Henry Wadsworth Longfellow

It is spring, and everyone knows that April showers bring May flowers.

Living on the West Coast of Canada, flowers start here in January, and continue until October. Rain also starts in January, and ends … on December 31.

I have strong feelings concerning rain. My feelings towards rain are not innate, I have not always felt this way about rain. My feelings towards rain were not nurtured into me, as I did not grow up hearing negative messages about rain. My feelings concerning rain are situational. I have lived on the Wet West Coast of Canada for almost sixteen years now , and I have developed a strong, well-educated, deeply felt conviction about rain … I HATE it!

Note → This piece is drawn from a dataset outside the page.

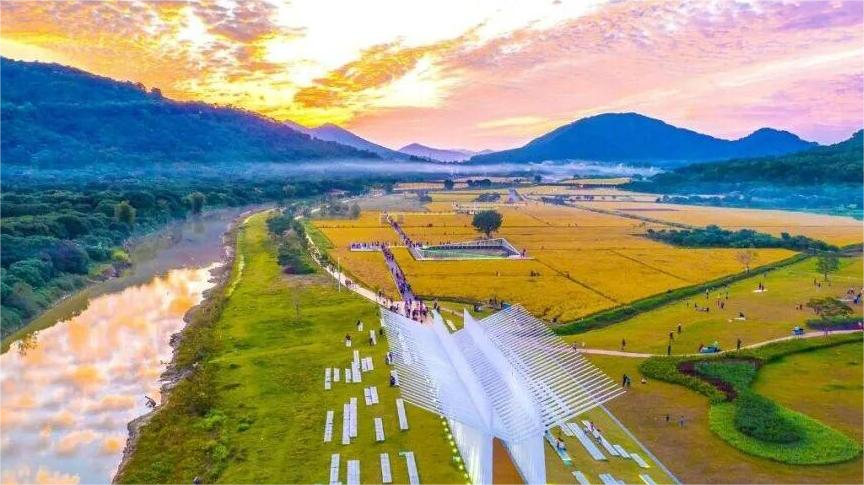 沿着木栈道漫步,你可以看到希望之翼、漂洋过海、时光之门、时光穗稻、节气之轮、丰收之台等特色景观,这些充满设计感的艺术装置与金色的稻田相映成趣,是拍照打卡的绝佳背景。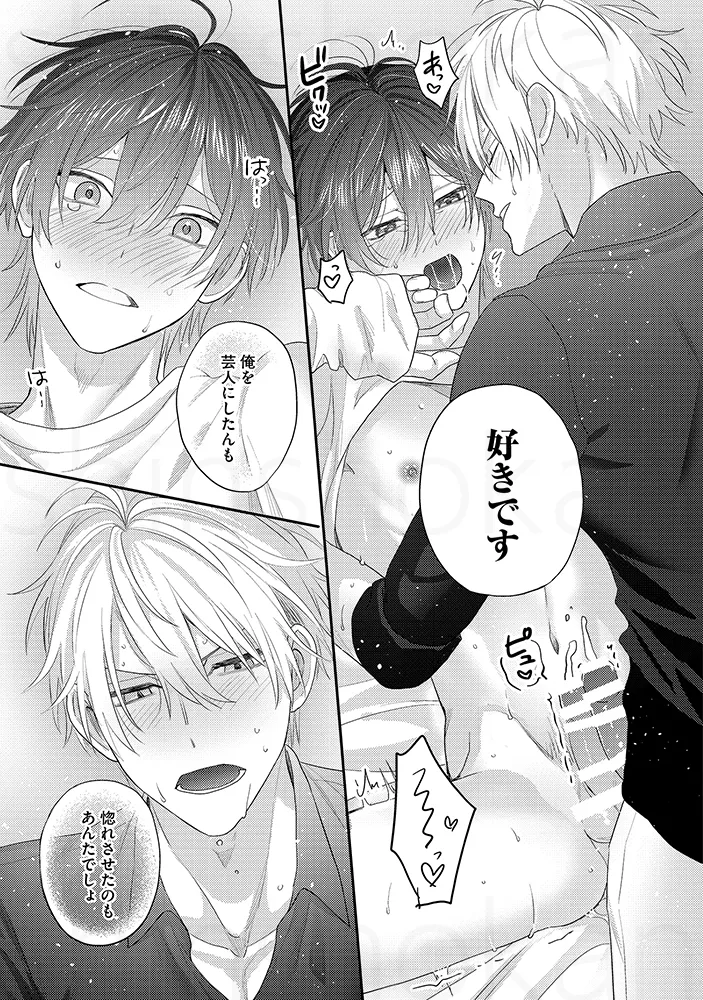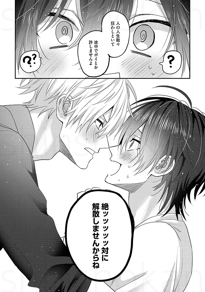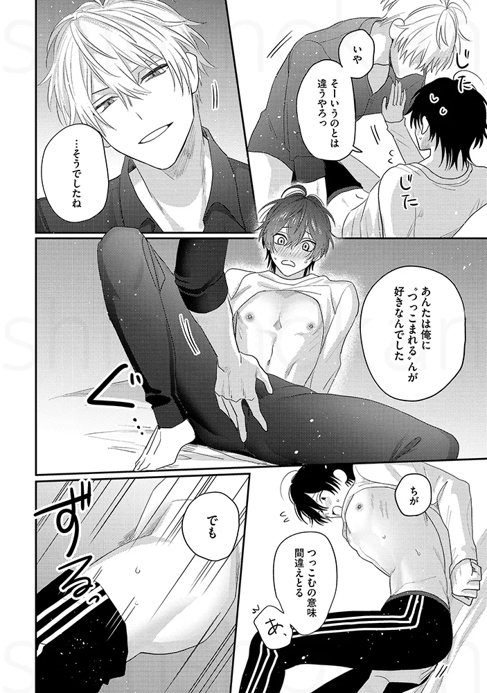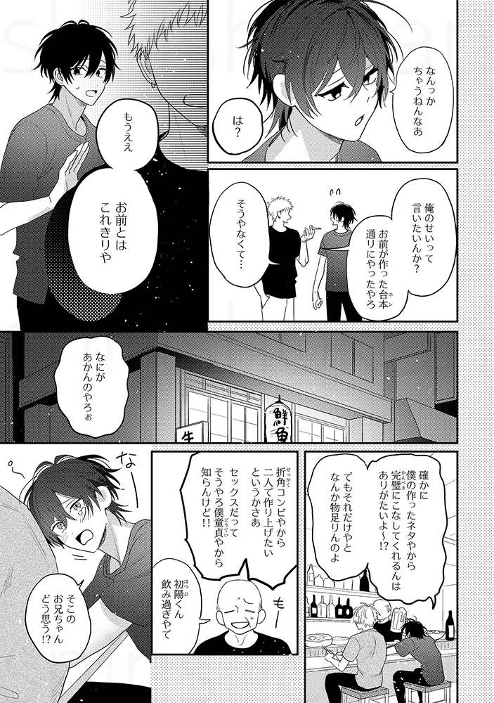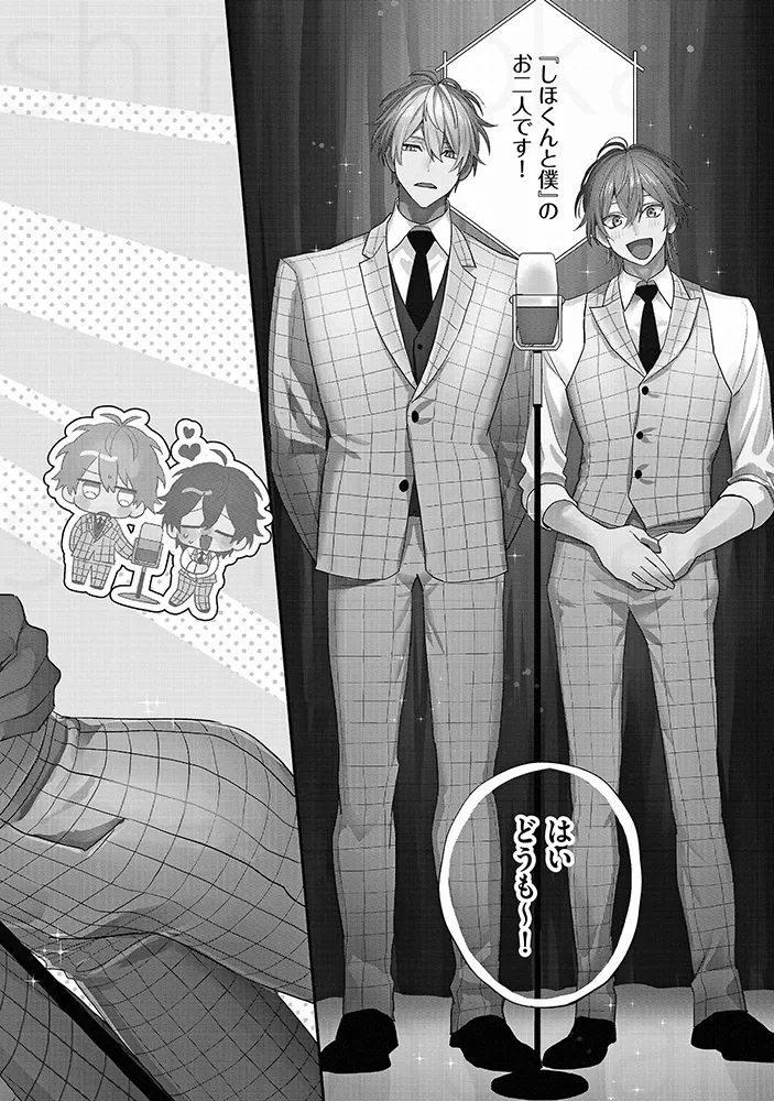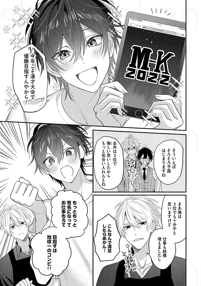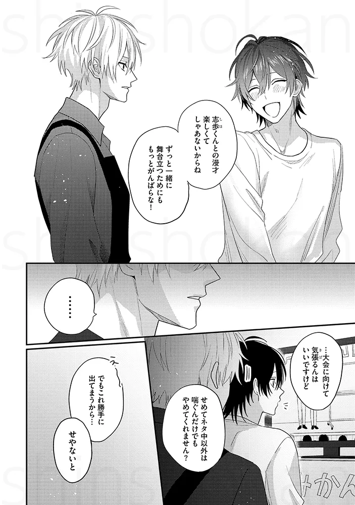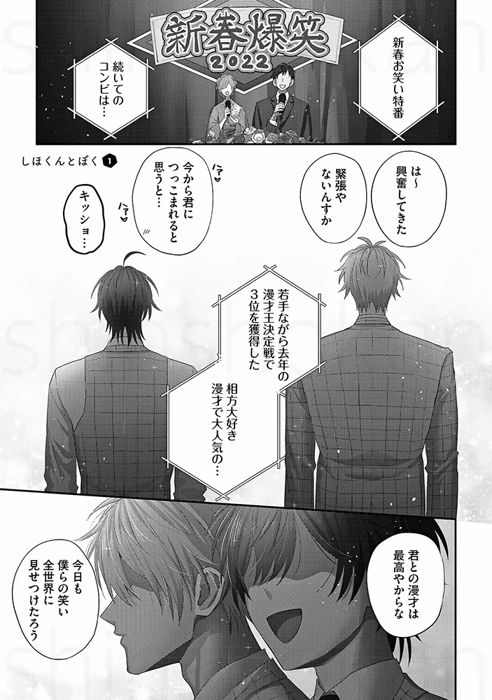 「俺を芸人にしたんも惚れさせたんも、あんたでしょ」お笑いコンビでBLセックス。チンポとチンポをごっつんこさせて擦り合わせる。アナルに指を入れて前立腺を刺激してビクンと絶頂。「解散なんて、絶対にさせへん」“相方大好き漫才”で注目を集める若手お笑いコンビ「しほくんと僕」。ボケ担当の初陽と、クールなツッコミ・志歩は、次の漫才大会での優勝を目指し、日々コンビとしての完成度を高めていた。そんなある日、マネージャーの指示で、初陽は志歩に“解散ドッキリ”を仕掛けることになる。クールで感情を見せない志歩なら、あっさり受け入れてしまうのでは――そう不安に思いながらも、初陽は意を決して切り出す。「……俺たち、解散しようか」

Oh, I love the lushness of the flora that I get to see year round. I just do not love it ALL THE TIME. It (rain) has horrible effects on me. I get sleepy, grumpy, dopey, bashful and I feel I need to see the doc (only sneezy and happy are missing from my seven dwarfs of rain … well, when the rain stops, I do get happy … but, I digress).

Rain and I just do not go well together.

But, when the sun comes out, and the puddles dry up, and the flowers open, and I don my open shoes, I forget about the rain that had been dominating my every thought previously. Once the rains are out of sight they are out of my thoughts.

Rain is like struggle to me.

When I struggle, the struggle, and how to alleviate it are paramount in my thoughts. The struggle gets me down. It makes me sleepy, grumpy, dopey, bashful and … I feel the need to talk to my healer, my spiritual ‘doc’. When I struggle, I spend far more time on my knees, asking God for guidance, for wisdom, for healing.

But, when the struggle is over, and the the tears dry up, and my spirit lightens, and my soul takes delight in life again, I forget about the struggle that had been dominating my every thought previously. Once the struggle is out of sight, I forget the healer who accompanied me through the pain.

The healer does not leave me when I am struggling, nor does he leave me when I am through the struggle, and not as reliant on him. He is with me always … like the rains on the west coast. The shadows may at first glance be depressing, but on closer examination, they are evidence of the presence of his light. The cold rain at first glance, may be cold and damp, but on closer examination, they are evidence of the refreshment, the new life that he provides.

“For I am convinced that neither death nor life, neither angels nor demons,
neither the present nor the future, nor any powers, neither height nor depth, nor anything else in all creation,
will be able to separate us from the love of God that is in Christ Jesus our Lord.”
Romans 8:38-39

” … behind the clouds the sun is still shining.”